Are you all keeping up to date with the latest versions, especially when one needs to be running the latest versions to be safe from attacks mitigated by their security fixes?
NodeJS for example drops details on releases containing security updates here:
https://groups.google.com/forum/#!topic/nodejs-sec/jGPlKJyLIxI
Quite a few bugs in there for March 2018.
And FFmpeg does similarly with this page:
https://www.ffmpeg.org/security.htmlWhere they list CVEs fixed in each release.
Hi,
Thank you for your question.
We use Github's
https://github.com/electron as a run time engine to host our custom built web client as desktop apps on Windows, Linux and Macs.
Before we build the client we make sure to always update and upgrade to the latest electron pre-built packages available for the major version against which we have build our client.
We did the same for this latest build.
Normally security issues and updates are always backported to each still supported Electron version and these are made available as an update which we are alerted by simply running the electron builder script.

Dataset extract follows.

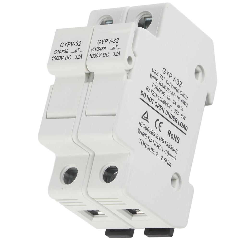 Предохранитель солнечной фотоэлектрической системы 15А, защита от короткого замыкания, защита от взлома, 32А, 2P, держатель фотоэлектрического предохранителя, набор 1000 В постоянного тока

For this build and for any past build that was the case as well.
Unfortunately I believe it's close to impossible to always update all software against any zero-day exploit the day, week or month it comes out.
That said, parts like the FFmpeg and the pdf viewer that come standard with Electron are however by the nature of our client never touched or invoked. What I mean is you cant remotely play any video or audio file or open a pdf doc in HEAT client.
Your question did make us look better into keeping build dependencies up to date and its something we will be looking into in order to harden this aspect even more. So thank you for that!